Thursday, August 22, 2002
Nothing lasts forever. It's a nice rule, when you think about it. Not the universe. Not love. Not all-day suckers. It's a nice rule, like I said, because no matter how much you start out liking a thing, give it enough of eternity and it begins to wear thin. Sheesh. That sounds like the first paragraph from a Dashell Hammett novel. Maybe I'm writing in the wrong "genre."
But my point is that Low Red Moon is now mere inches (standard conversion from words to more traditionally spatial units of measurement) from being finished. I followed the record-breaking word count on Tuesday with another on Wednesday. Yesterday, I wrote the last 2,481 words on Chapter Thirteen, bringing the manuscript to (exactly) page 500. I've never written a 500-page manuscript before. I've never wanted to, for that matter. It seems like overkill. I weighed the damned thing and it tips the scales at five pounds. Regardless, all that's left is the epilogue, which shouldn't add more than another five pages. Lots of fives here. That's probably interesting. To someone. Today, I'll proof and correct Chapter Thirteen, which, considering its length and scope, I may split into chapters Thirteen and Fourteen. Tomorrow, I'll do the epilogue, after my head has cleared a little from the storm that is this novel's conclusion. Then I go to Atlanta on Saturday (and see how much tequila I can drink), clean this nasty apartment on Sunday, and receive my Rhode Islander on Monday. I was so exhausted last night that I passed out early, about 12:30 a.m., watching The Beast From 20,000 Fathoms. Then, annoyingly, I woke at 3:30 and was unable to get back to sleep. So, I finished rereading Lovecraft's "The Shadow Out of Time" and didn't get back to sleep until almost 5 a.m.
I can't even begin to believe I've made this deadline.
As for the novel, well, Jennifer's read the final chapter, as has Thryn, and both of them cried. I'm not sure I've ever done that before, made people cry. I almost did it to myself, towards the end. And it's odd, feeling good that you've made people feel bad. Neil and I were discussing this back in March at the World Horror Convention and we agreed it was rather strange, having someone say, "Oh, that was terrible. That made me cry (or that scared the beejeesus out of me, or that was really depressing, or whatever)," while we nod our heads sympathetically, thank them, all the while doing a little victory dance inside.
Low Red Moon is a strange novel. I always say that when I finish a book, but this time it's really, really true. It's sadder, in some ways, than Silk and way darker than Threshold. I've reached that point where I'm perfectly terrified of what critics and readers will say upon reading it.

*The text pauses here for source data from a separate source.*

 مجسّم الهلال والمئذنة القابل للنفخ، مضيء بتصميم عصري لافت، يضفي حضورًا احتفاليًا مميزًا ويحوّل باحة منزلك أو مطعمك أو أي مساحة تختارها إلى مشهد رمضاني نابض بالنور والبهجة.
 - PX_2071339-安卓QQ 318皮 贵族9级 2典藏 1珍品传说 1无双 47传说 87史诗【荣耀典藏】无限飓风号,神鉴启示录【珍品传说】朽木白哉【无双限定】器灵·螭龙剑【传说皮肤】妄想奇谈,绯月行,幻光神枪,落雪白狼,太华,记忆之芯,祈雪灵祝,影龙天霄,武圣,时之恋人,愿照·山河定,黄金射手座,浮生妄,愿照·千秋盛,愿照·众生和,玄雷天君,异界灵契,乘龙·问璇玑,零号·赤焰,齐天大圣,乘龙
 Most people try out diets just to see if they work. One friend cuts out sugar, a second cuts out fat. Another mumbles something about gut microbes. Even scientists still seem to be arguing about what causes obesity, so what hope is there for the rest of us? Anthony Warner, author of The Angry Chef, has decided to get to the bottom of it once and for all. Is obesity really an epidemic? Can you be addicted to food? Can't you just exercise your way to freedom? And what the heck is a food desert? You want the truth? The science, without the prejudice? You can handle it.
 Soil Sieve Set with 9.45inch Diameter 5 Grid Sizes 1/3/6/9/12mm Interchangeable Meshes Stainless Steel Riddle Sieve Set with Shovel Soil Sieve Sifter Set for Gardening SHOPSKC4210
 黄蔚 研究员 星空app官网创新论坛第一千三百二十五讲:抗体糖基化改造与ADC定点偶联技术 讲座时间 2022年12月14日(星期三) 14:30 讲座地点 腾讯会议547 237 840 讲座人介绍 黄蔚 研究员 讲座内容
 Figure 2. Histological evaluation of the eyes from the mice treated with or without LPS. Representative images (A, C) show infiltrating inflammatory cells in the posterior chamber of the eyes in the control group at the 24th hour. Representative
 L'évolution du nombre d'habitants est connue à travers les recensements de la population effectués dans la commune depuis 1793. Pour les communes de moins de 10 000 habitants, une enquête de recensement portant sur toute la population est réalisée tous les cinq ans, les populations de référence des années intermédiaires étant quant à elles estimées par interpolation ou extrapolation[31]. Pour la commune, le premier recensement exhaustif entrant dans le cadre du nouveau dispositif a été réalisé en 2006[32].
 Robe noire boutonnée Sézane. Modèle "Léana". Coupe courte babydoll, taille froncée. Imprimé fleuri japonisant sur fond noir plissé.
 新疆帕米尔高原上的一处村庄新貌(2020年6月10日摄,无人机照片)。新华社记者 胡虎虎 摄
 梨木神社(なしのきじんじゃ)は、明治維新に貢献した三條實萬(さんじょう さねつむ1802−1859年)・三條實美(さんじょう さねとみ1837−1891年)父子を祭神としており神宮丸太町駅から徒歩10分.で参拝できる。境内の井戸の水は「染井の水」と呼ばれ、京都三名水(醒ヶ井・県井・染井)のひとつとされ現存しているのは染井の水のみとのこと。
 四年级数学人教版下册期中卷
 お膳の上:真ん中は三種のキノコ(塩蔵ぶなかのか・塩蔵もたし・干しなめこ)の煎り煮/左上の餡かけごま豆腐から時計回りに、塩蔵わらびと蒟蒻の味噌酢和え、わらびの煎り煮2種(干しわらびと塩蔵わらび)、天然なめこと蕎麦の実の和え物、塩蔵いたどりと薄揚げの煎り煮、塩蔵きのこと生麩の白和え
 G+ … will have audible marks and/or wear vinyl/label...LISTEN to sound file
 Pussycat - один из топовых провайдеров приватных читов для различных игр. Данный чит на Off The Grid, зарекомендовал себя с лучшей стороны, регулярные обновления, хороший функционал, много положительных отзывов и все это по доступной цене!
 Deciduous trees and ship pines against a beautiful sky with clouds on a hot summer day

Also, it's brought me back to that other point where, as an author who writes books wherein very bad things happen to people who often don't have it coming, I have to stop and wonder at the morality of this affair. The culpability of the writer. My obligation to the children of my mind. No one (except possibly Bill Gates) ever comes closer to being a god (or goddess) than does a writer. You fashion a world and nothing in that world happens without your say-so, nothing good and nothing bad. You create characters you love (you have to, or you can't expect anyone else to love them), and then you fail to protect them. And you do it for art, or you do it to entertain others, or you do it for the money (I'm not sure if I know which of those motives is less noble). And it makes me think of various naive objections to the existence of a supreme being that I've heard bandied about by the casually rebellious or loosely philosophical — how can they be expected to believe in a god who allows bad things to happen to his (or her, or its) creations. Maybe their answer lies in fiction. Maybe not. But it sure feels that way to me this morning.